Description of the task: Write out every entry exactly; the pictures do not belong in the copy.

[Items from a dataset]
►
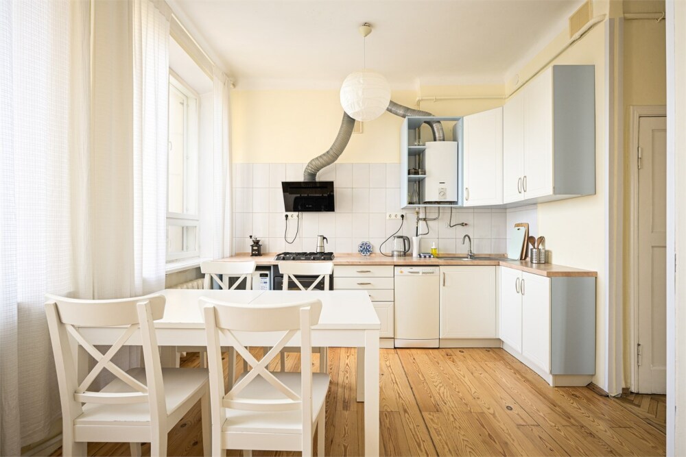 - Газовая плита, духовка, микроволновая печь, чайник и холодильник, посудомоечная машина.
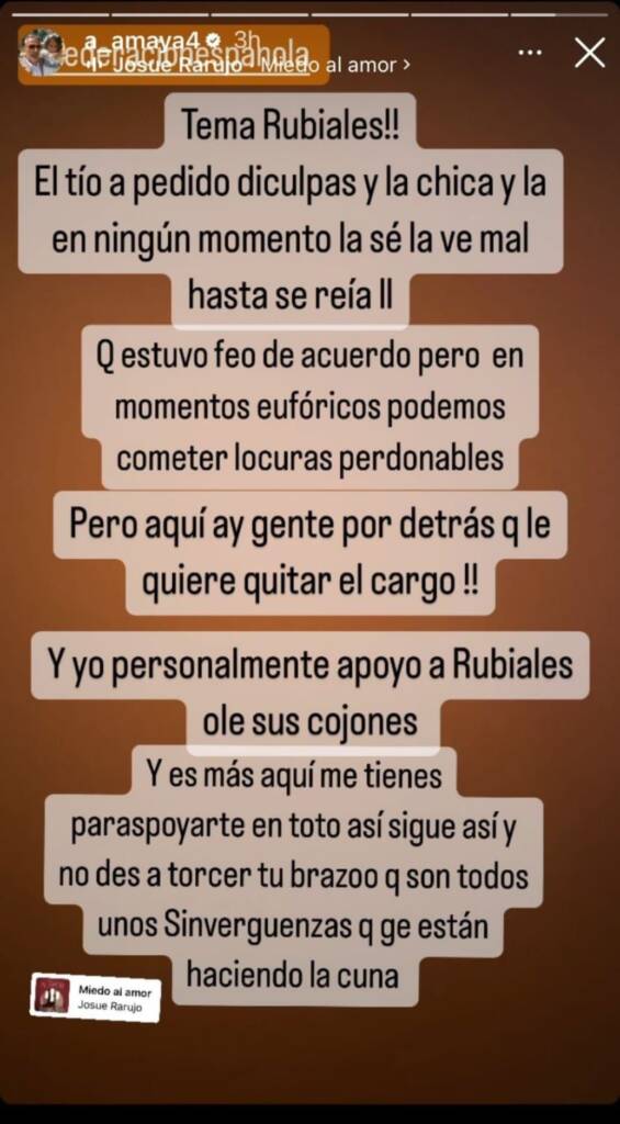 El exjugador del Rayo Vallecano Antonio Amaya ha opinado en sus redes sociales sobre el ‘Caso Rubiales – Jenni Hermoso’.
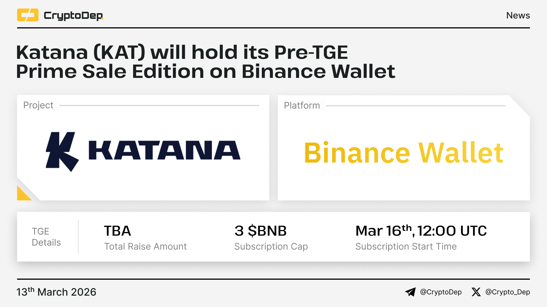 Katana (KAT) will hold its Pre-TGE Prime Sale Edition on Binance Wallet
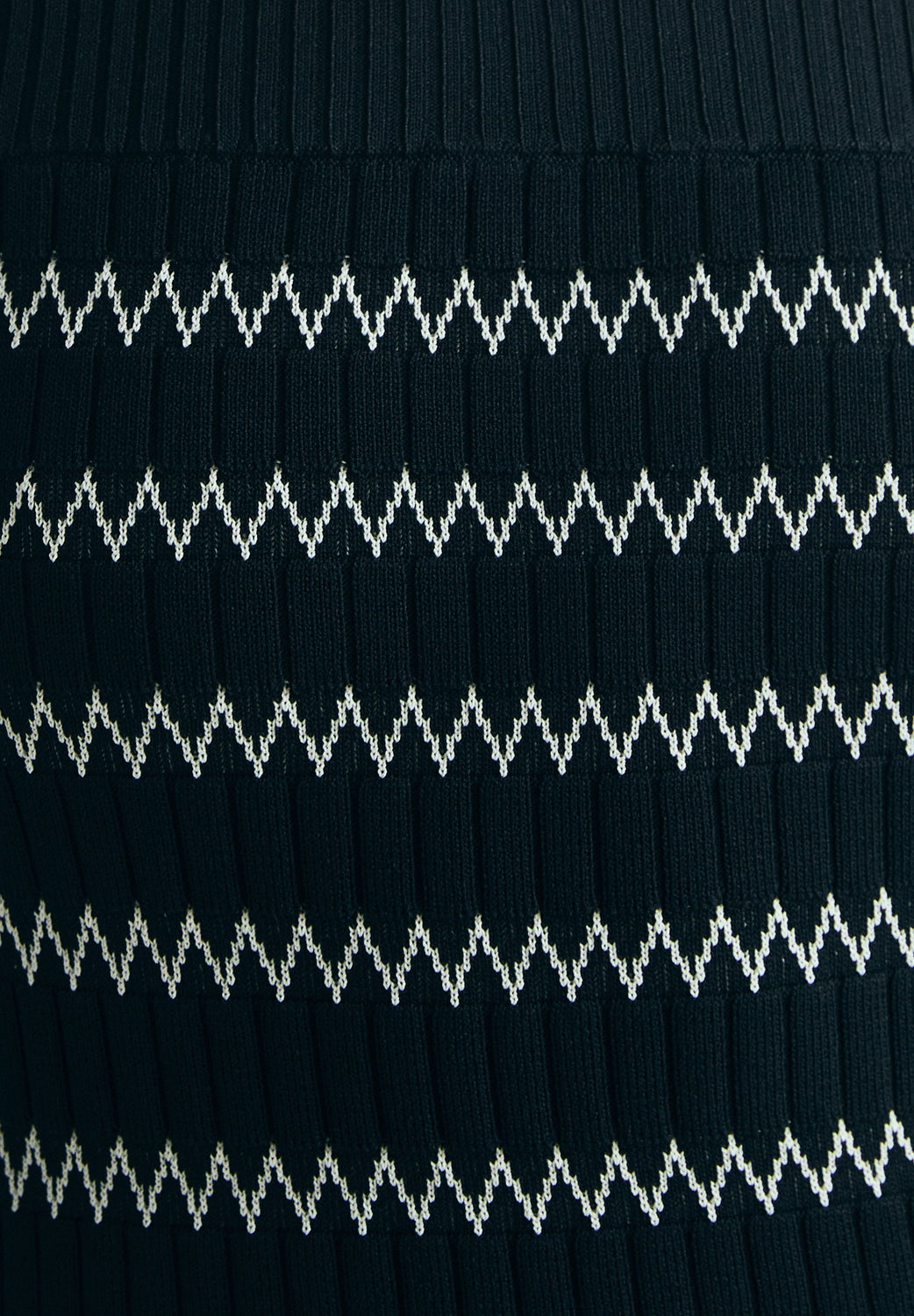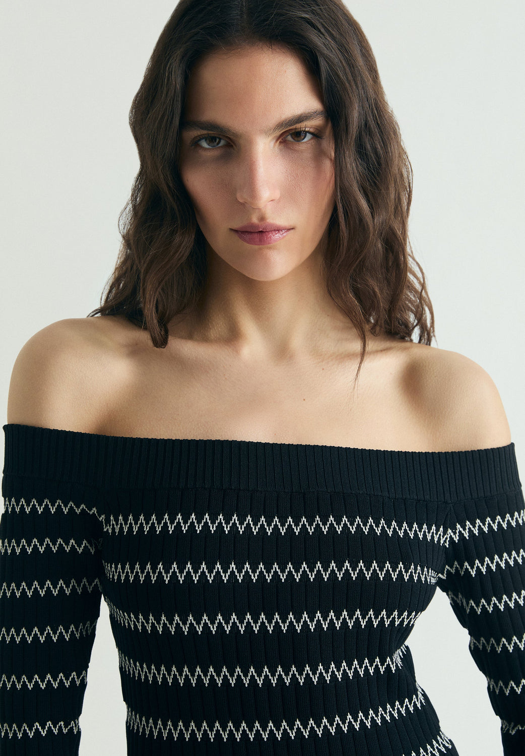 Knitted dress with a textured stripe design. Bardot neckline. Fitted sleeves and silhouette with ruffles.
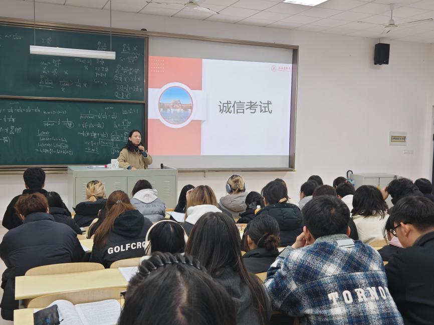 接着,各位辅导员老师通过分享考试违纪案例、领学《上海建桥学院学生手册》考场规定、违纪与作弊的界定内容,介绍学校关于考试作弊的相关处罚规定等举措,进一步强调了学校考试的权威性与严肃性,让同学们清楚地认识到了作弊行为的红线不可触碰,领悟到了作弊行为对个人学业与人格声誉的双重损害。此外,各位辅导员老师,根据不同专业学生的课程和考试安排,为同学们提供了一系列实用的备考建议,鼓励大家合理规划时间,疏解焦虑与紧张情绪,制定科学的复习计划。
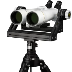 When using these large binoculars, a sturdy photo tripod with an appropriate load capacity is highly recommended. The connection is made via two 1/4 inch or one 3/8 inch threaded holes (standard photo tripod thread) in the tripod adapter of the binoculars. The ideal solution is to use the optional available EXPLORE SCIENTIFIC U-Mount with field tripod (item No. 01-14300). This is specially designed for the large binoculars of the BT series and carries these devices absolutely safely. The excellent mechanism with adjustable friction in both axis allows easy moving and tracking. The binocular position is kept stable depending on the adjusted friction intensity. Vibrations are reduced to a minimum by the massive construction of the U-Mount and the large stainless steel tripod. Even at high magnification there are no vibrations and the finest details can be observed.
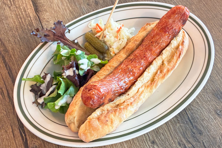 パリッと焼いた9インチのローカル産特大ソーセージを豪快に挟んだサンドイッチは、食べ応え抜群!ソーセージはしっかりめの味&旨味たっぷりで、朝からガッツリ食べたい時に最適です。
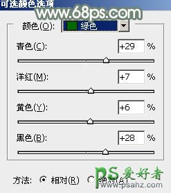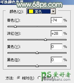 1、打开素材图片,创建可选颜色调整图层,对黄,绿色进行调整,参数及效果如下图。这一步把图片中的黄绿色转为橙黄色。
◄
Task output:
 - Газовая плита, духовка, микроволновая печь, чайник и холодильник, посудомоечная машина.
 El exjugador del Rayo Vallecano Antonio Amaya ha opinado en sus redes sociales sobre el ‘Caso Rubiales – Jenni Hermoso’.
 Katana (KAT) will hold its Pre-TGE Prime Sale Edition on Binance Wallet
 Knitted dress with a textured stripe design. Bardot neckline. Fitted sleeves and silhouette with ruffles.
 接着,各位辅导员老师通过分享考试违纪案例、领学《上海建桥学院学生手册》考场规定、违纪与作弊的界定内容,介绍学校关于考试作弊的相关处罚规定等举措,进一步强调了学校考试的权威性与严肃性,让同学们清楚地认识到了作弊行为的红线不可触碰,领悟到了作弊行为对个人学业与人格声誉的双重损害。此外,各位辅导员老师,根据不同专业学生的课程和考试安排,为同学们提供了一系列实用的备考建议,鼓励大家合理规划时间,疏解焦虑与紧张情绪,制定科学的复习计划。
 When using these large binoculars, a sturdy photo tripod with an appropriate load capacity is highly recommended. The connection is made via two 1/4 inch or one 3/8 inch threaded holes (standard photo tripod thread) in the tripod adapter of the binoculars. The ideal solution is to use the optional available EXPLORE SCIENTIFIC U-Mount with field tripod (item No. 01-14300). This is specially designed for the large binoculars of the BT series and carries these devices absolutely safely. The excellent mechanism with adjustable friction in both axis allows easy moving and tracking. The binocular position is kept stable depending on the adjusted friction intensity. Vibrations are reduced to a minimum by the massive construction of the U-Mount and the large stainless steel tripod. Even at high magnification there are no vibrations and the finest details can be observed.
 パリッと焼いた9インチのローカル産特大ソーセージを豪快に挟んだサンドイッチは、食べ応え抜群!ソーセージはしっかりめの味&旨味たっぷりで、朝からガッツリ食べたい時に最適です。
 1、打开素材图片,创建可选颜色调整图层,对黄,绿色进行调整,参数及效果如下图。这一步把图片中的黄绿色转为橙黄色。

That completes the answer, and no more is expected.